Copying rule for the data below: take the line containing "Basil & Maude" and every line after it to the end, exactly, and drop all pictures.

(Records excerpted from a collection)
::::::::

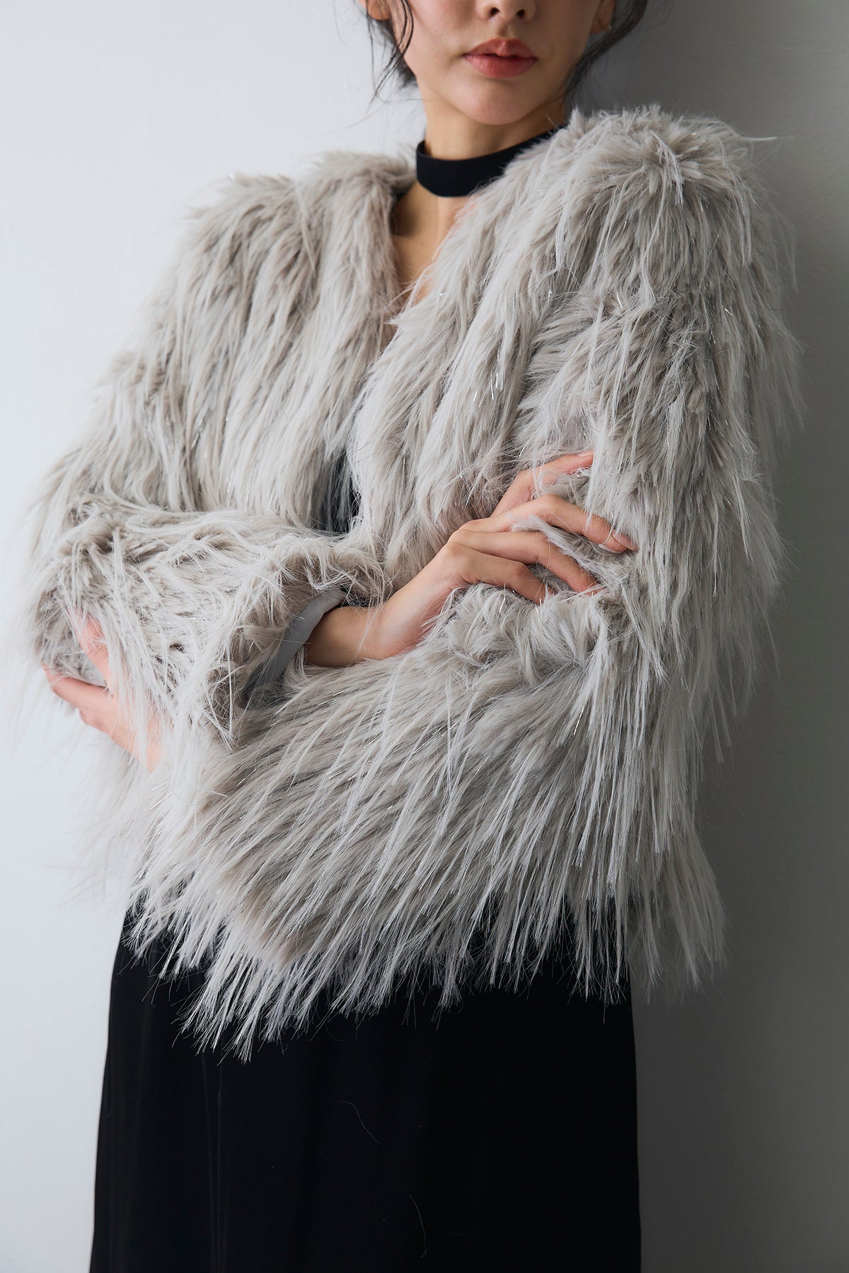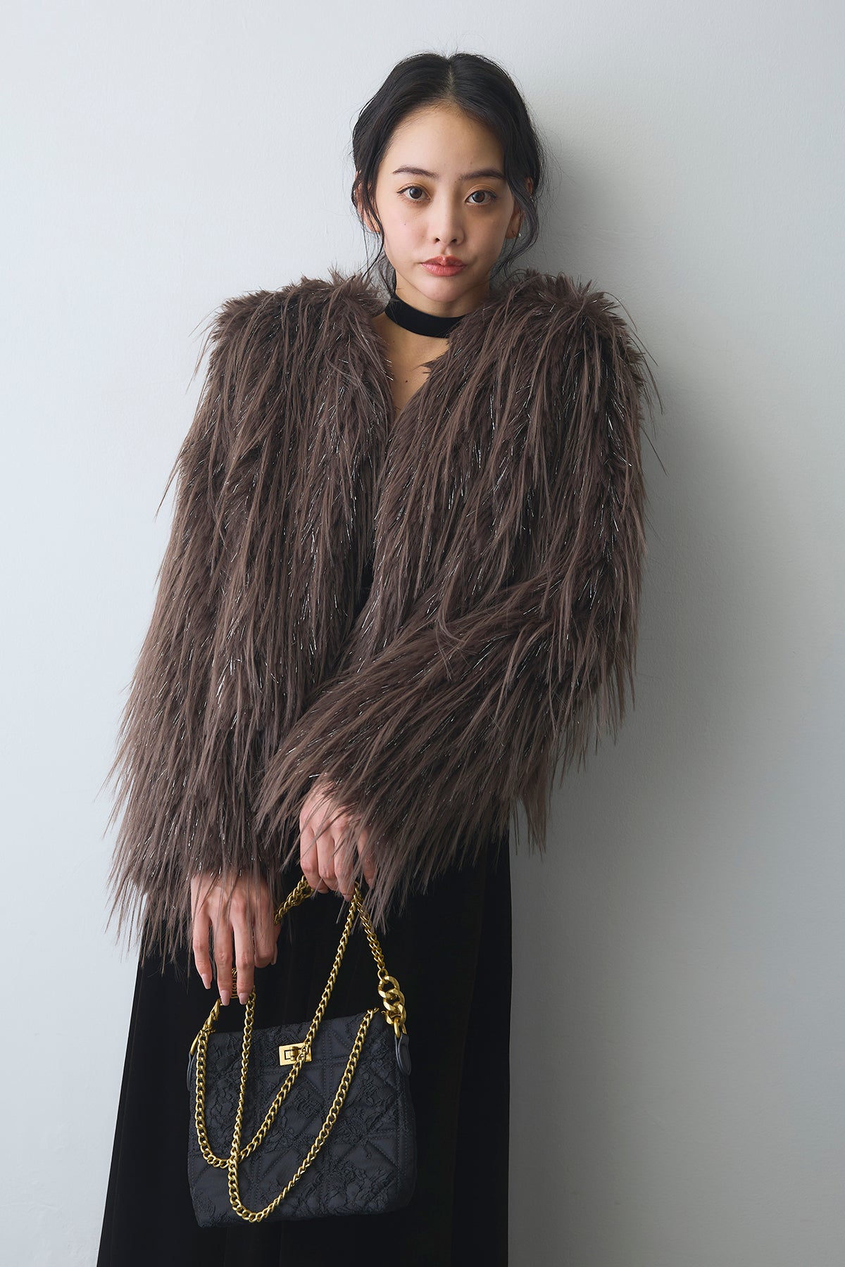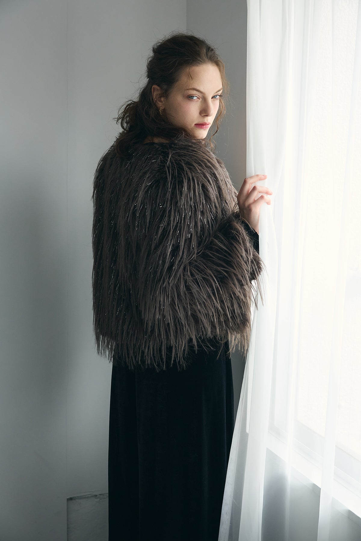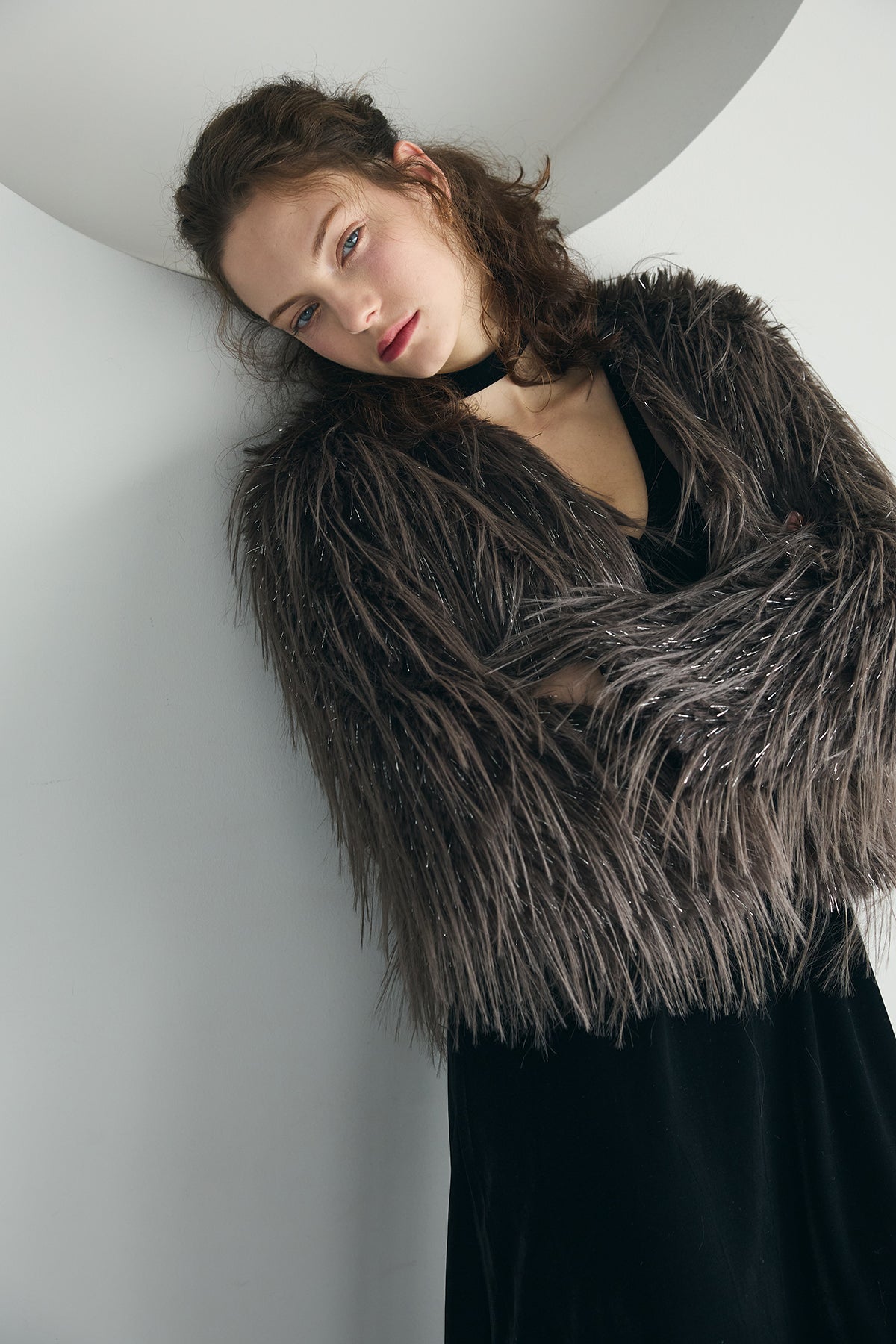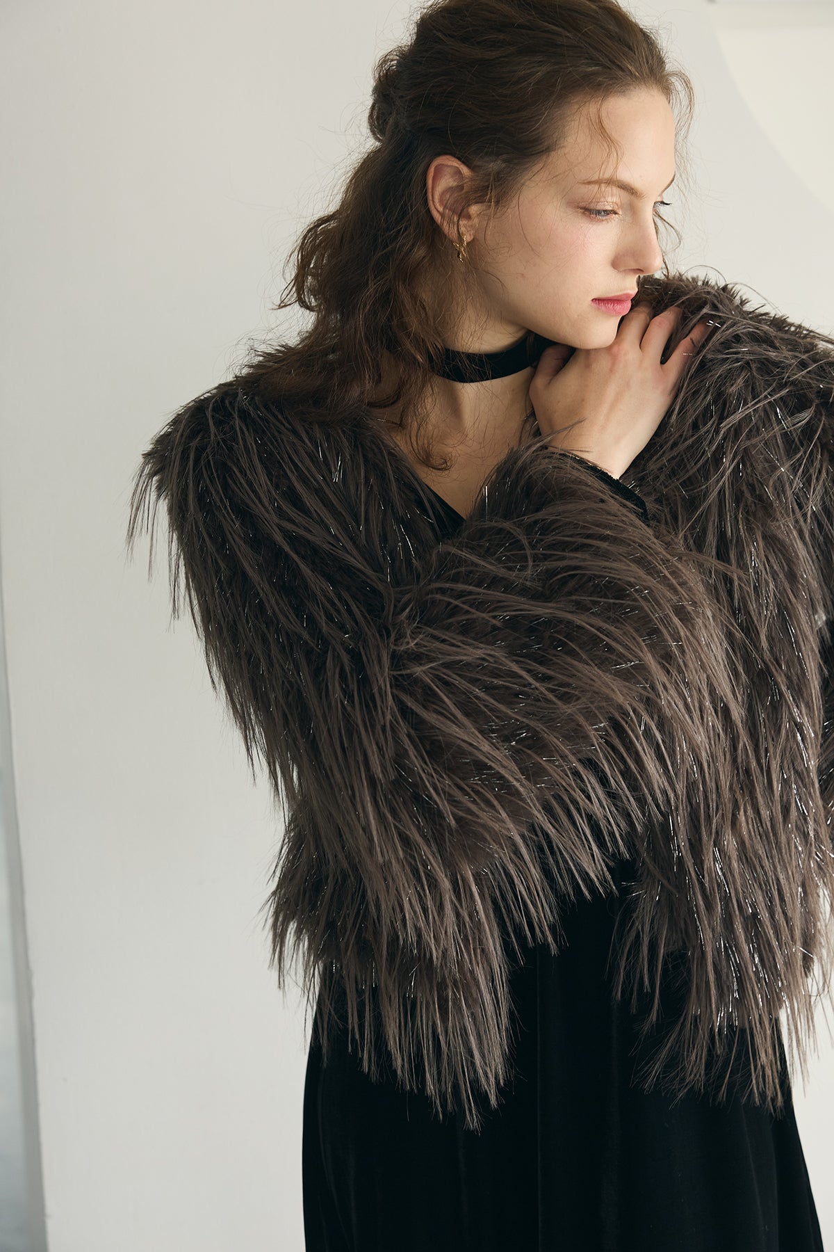 [予約/SET]Vネックベロアロングワンピース+シャイニーロングファーコート(2set)
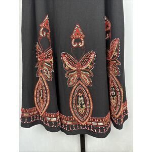Basil & Maude Beaded Maxi Skirt Womens 10 Black Embellished Butterfly Boho Artsy
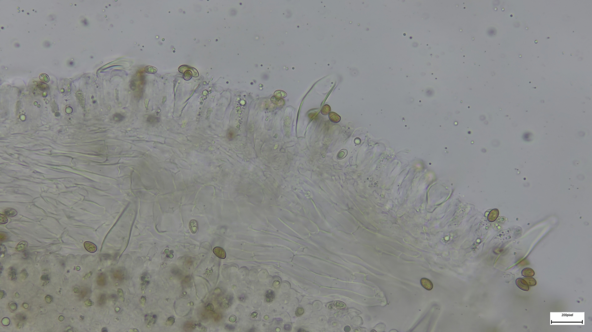 Sporen 9,5x5,3 phaseoliform, wie es sein soll, Cheilos keulenförmig, keine Pleuros
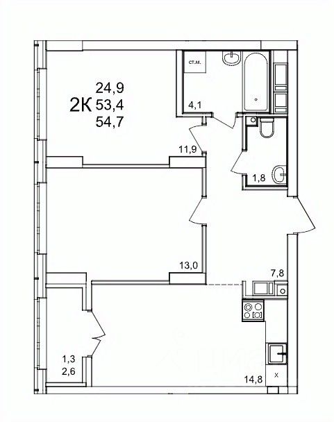 Общая площадь54,7 м2
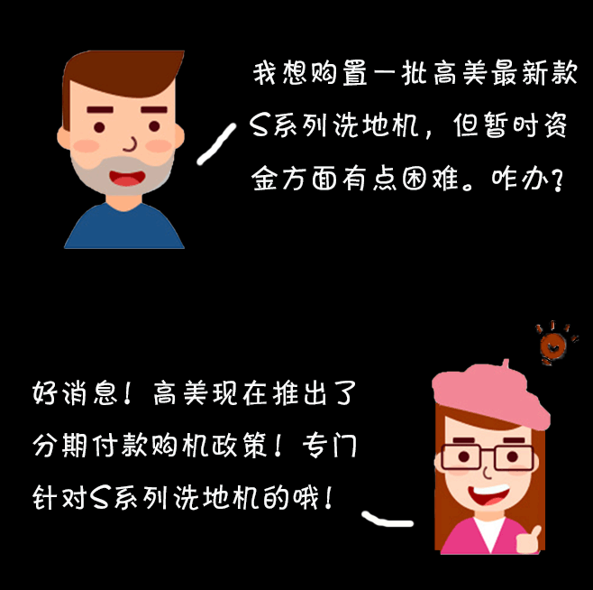 我想購置一批高美最新款S系列洗地機(jī),但暫時資金方面有點困難。該如何是好?好消息!高美現(xiàn)在正好推出了分期付款購機(jī)政策!就是專門針對S系列洗地機(jī)的哦!

::::::::

* [THE COMPLETED TASK]:
Basil & Maude Beaded Maxi Skirt Womens 10 Black Embellished Butterfly Boho Artsy
 Sporen 9,5x5,3 phaseoliform, wie es sein soll, Cheilos keulenförmig, keine Pleuros
 Общая площадь54,7 м2
 我想購置一批高美最新款S系列洗地機(jī),但暫時資金方面有點困難。該如何是好?好消息!高美現(xiàn)在正好推出了分期付款購機(jī)政策!就是專門針對S系列洗地機(jī)的哦!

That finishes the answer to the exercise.